HOW TO COMPLETE THIS TASK: Your response should contain only the lines running from the top of the data below through the line with "Mescoliamo la carne", both included. Pictures must be omitted.

MATERIAL FOR THE TASK:

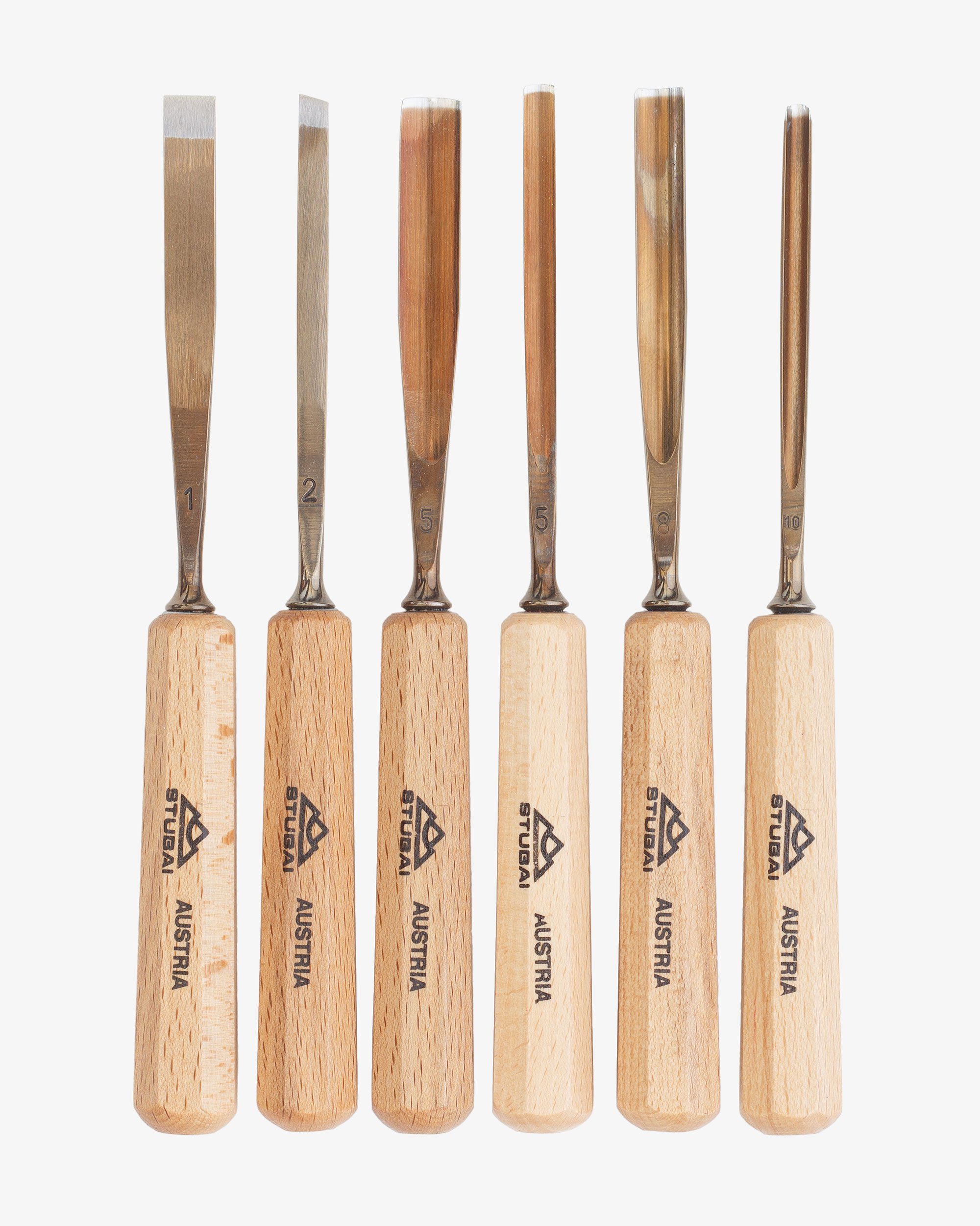 - Ergonomic handles with angular properties that prevent rolling when placed on a worktable. Made from beechwood.
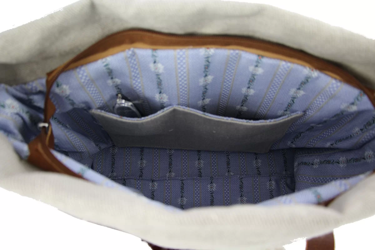 Tasche – Schwingerhose! Was haben diese beiden gemeinsam? Den Stoff. Beide sind aus solidem Zwilch hergestellt. Das lässt erahnen wie strapazierfähig diese Tasche ist. Mit den Lederapplikationen erinnert sie auch fast ein wenig an Schwingerhosen. Ordner, der kleine Einkauf und ander wichtige Dinge finden Platz in der Tasche die lässig mit zwei Trägern über der Schulter getragen werden kann.
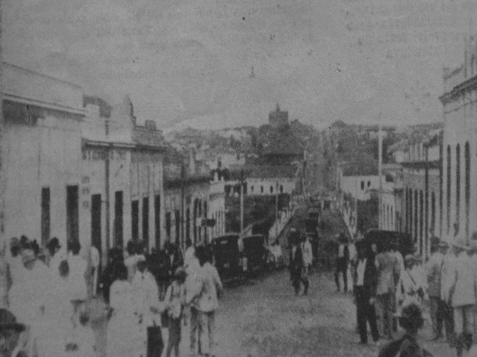 Foto: Rua Brasil no ano de 1922, pegando como destaque a ladeira da E.F.A. Neste ano, Catanduva contou com uma festa maravilhosa, em comemoração ao centenário da Independência do Brasil.
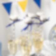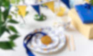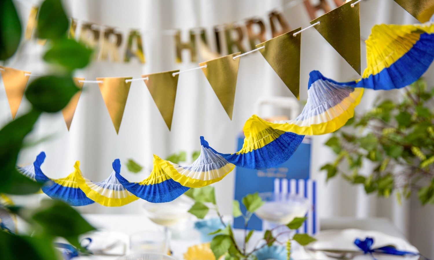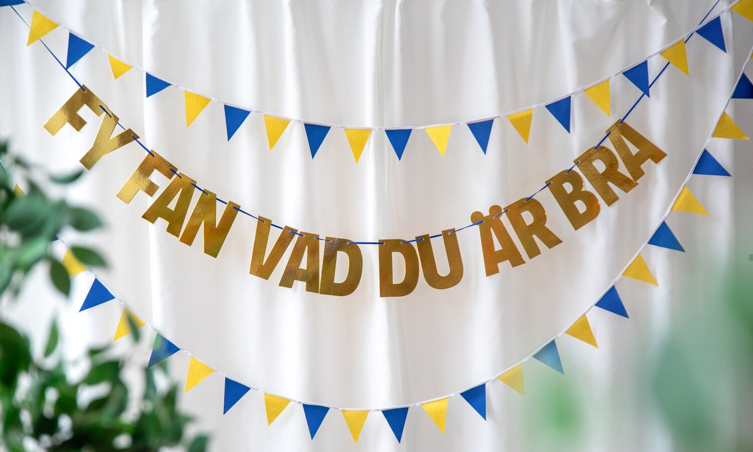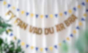 Blanda girlanger, vimplar och ballonger i blått och gult för en klassisk studentkänsla. Våga addera personliga budskap som sticker ut. En girlang med text som “Fy fan vad du är bra” ger både värme och glimten i ögat.
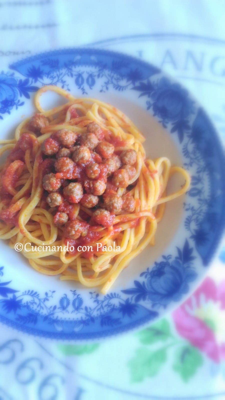 Mescoliamo la carne macinata con il parmigiano, aggiustiamo di sale e noce moscata. Ora formiamo le pallottine molto piccole, aiutandoci con le mani leggermente unte d’olio; sbollentiamo le pallottine e versiamoli nel sugo e lasciamo insaporire per 5 minuti. Cuociamo la pasta in abbondante acqua salata, per il tempo indicato sulla confezione (6-7 minuti) scoliamola e amalgamiamola nel sugo di pomodoro, alla fine completiamo con le pallottine. Servite e buon appetito!
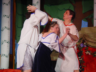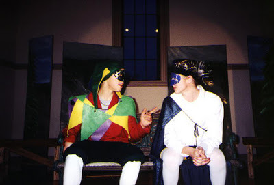 As You Like It: I've wanted to do this show since 2000, and this year I had my chance. We had a great Rosalind, and she had a wonderful cast, and we had one of our more ornate sets...which took up a lot of time painting, and which also took up a lot of time putting back in Holliston...in the rain...without raincoats...up a muddy hill...with only a few of the cast and crew. That wasn't so fun. I also got to play with gobos, which was neat. I'll admit, this is a show that I think I'm going to come back to a lot. It's a rich play, and I'm still processing it. One of the things I really liked, though, was how the script was rearranged so that we kept a through-line from Act I's politics into the woods. It was also fun "Killing Kayleigh Kenny" (aka Jacques LeBeau - see right). And showing Oliver and Orlando fighting one another! And Touchstone's puppets. And the improv about the good china that Celia and Rosalind had.
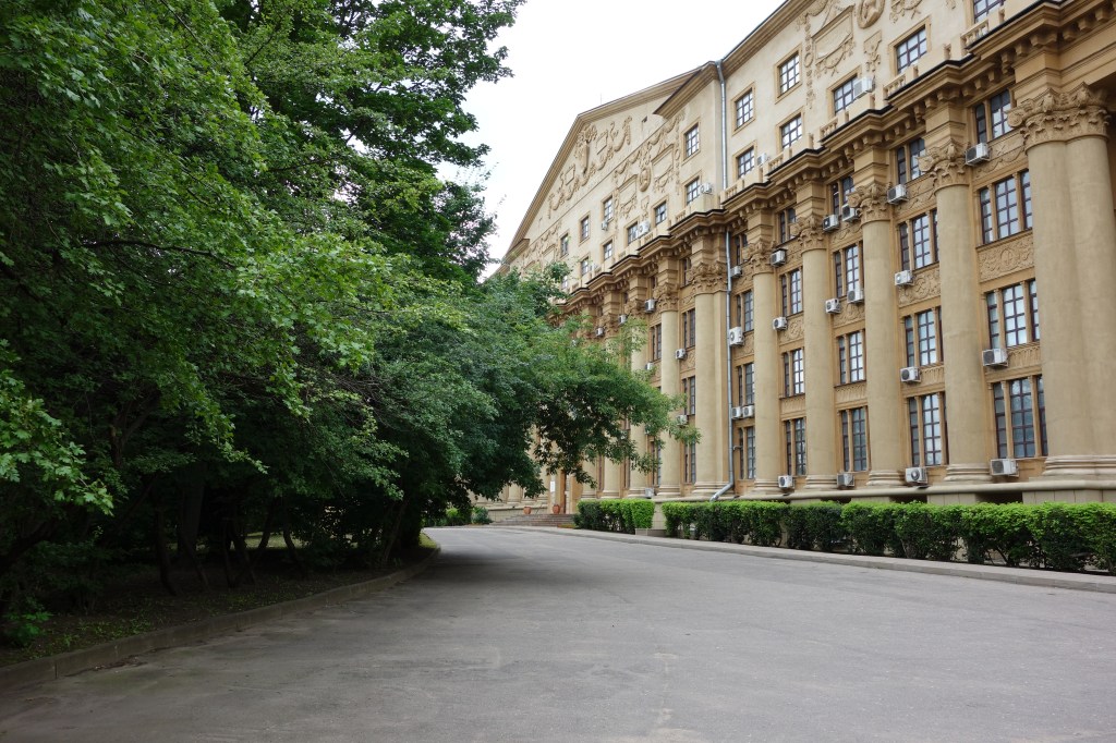 Тот самый Политехнический институт из фильма «Операция «Ы» и другие приключения Шурика», только деревья с тех пор стали большими и всё вокруг немного обветшало. На самом деле это Институт элементоорганических соединений имени А.Н. Несмеянова Российской академии наук. Если кратко, то это про химию и полимеры.
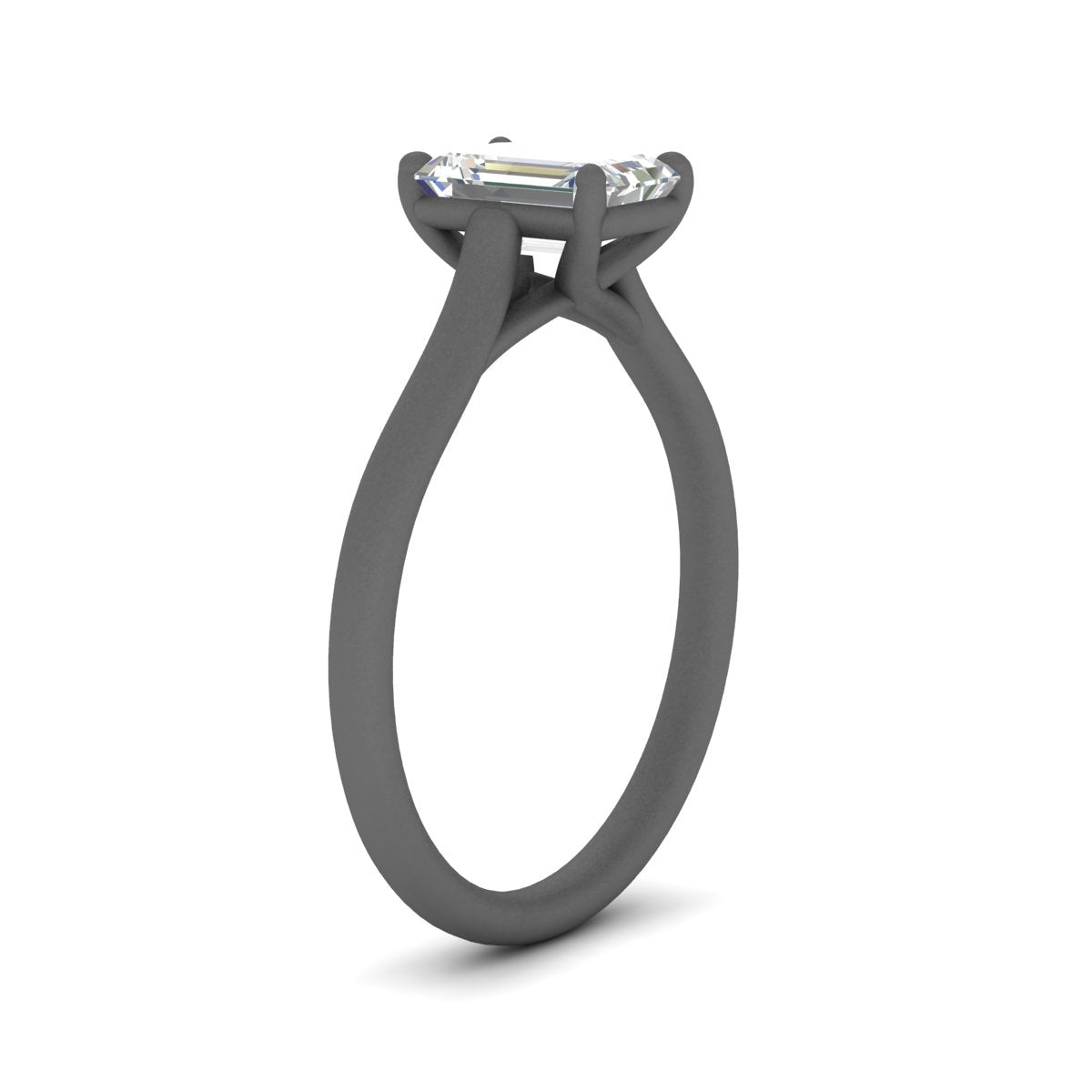 Cathedral Flat Band Emerald Cut Solitaire Engagement Ring

OUTPUT OF THE TASK:
 - Ergonomic handles with angular properties that prevent rolling when placed on a worktable. Made from beechwood.
 Tasche – Schwingerhose! Was haben diese beiden gemeinsam? Den Stoff. Beide sind aus solidem Zwilch hergestellt. Das lässt erahnen wie strapazierfähig diese Tasche ist. Mit den Lederapplikationen erinnert sie auch fast ein wenig an Schwingerhosen. Ordner, der kleine Einkauf und ander wichtige Dinge finden Platz in der Tasche die lässig mit zwei Trägern über der Schulter getragen werden kann.
 Foto: Rua Brasil no ano de 1922, pegando como destaque a ladeira da E.F.A. Neste ano, Catanduva contou com uma festa maravilhosa, em comemoração ao centenário da Independência do Brasil.
 Blanda girlanger, vimplar och ballonger i blått och gult för en klassisk studentkänsla. Våga addera personliga budskap som sticker ut. En girlang med text som “Fy fan vad du är bra” ger både värme och glimten i ögat.
 Mescoliamo la carne macinata con il parmigiano, aggiustiamo di sale e noce moscata. Ora formiamo le pallottine molto piccole, aiutandoci con le mani leggermente unte d’olio; sbollentiamo le pallottine e versiamoli nel sugo e lasciamo insaporire per 5 minuti. Cuociamo la pasta in abbondante acqua salata, per il tempo indicato sulla confezione (6-7 minuti) scoliamola e amalgamiamola nel sugo di pomodoro, alla fine completiamo con le pallottine. Servite e buon appetito!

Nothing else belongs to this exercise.